What I have just said is an unavoidable premise in order to sustain the necessity of the form, for the purpose of the disordering appearance of subjectivities, which in turn seek strategic forms in order to promote inclusion and a re-writing of the political space. Although they are not institutional, these new forms have a relationship with representative form (e.g., the parliament, constitutional and juridical guarantees, administrative apparatus), which should not be underestimated. Institutions, in fact, delineate that field which conditions the possibility of action. New forms of representation aim to modify this field, as they de-identify themselves from the positions given within it: in this way, they reveal their contingent, always revisable nature.

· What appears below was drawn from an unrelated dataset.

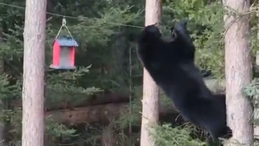 一隻熊爬上一根繩子, 用大麻抓住餵食器.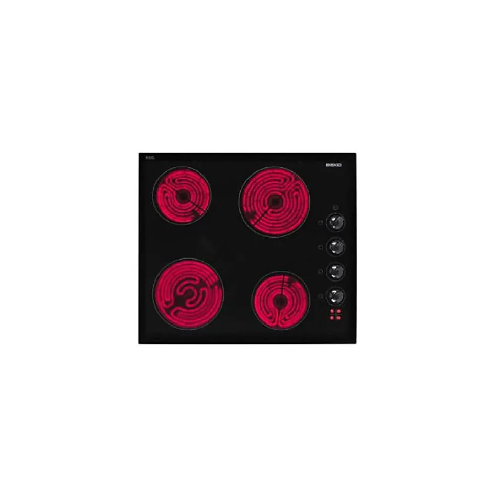 Plaque vitrocéramique BEKO HIC64100 58cm avec 4 foyers indépendants et technologie vitrocéramique pour une cuisson homogène. Verre trempé résistant et système de sécurité intégré. Nettoyage facile grâce à une surface lisse. Commandes latérales par manettes, puissance totale 5800 W.

Given these premises, we can turn back to our question: what space is available for non-conformist political subjectivities, when the emptying of representativeness (which emerges from the crossfire between legitimate criticisms of deconstructionism and governmental practices during the neoliberal turn which has lasted more than thirty-years) disables them and brings into question their very necessity? The argument is articulated on two levels that are dangerously intertwined, provoking, today, a post-deconstructive reaction, claiming the need for a return to the political subject, even if anti-essentialist, strategic and potentially barred.

The interesting point about this path which goes from anti-representativeness to anti-anti-representativeness, however, lies in the fact that the empirical reality of current social immanentism[8] sees a flowering of initiatives and enterprises (this term is typically neoliberal) of politically de-represented society, that perhaps (but with some important reserves) can be regarded as ‘forms’ of abnormal and innovative politicization. But let us proceed in order.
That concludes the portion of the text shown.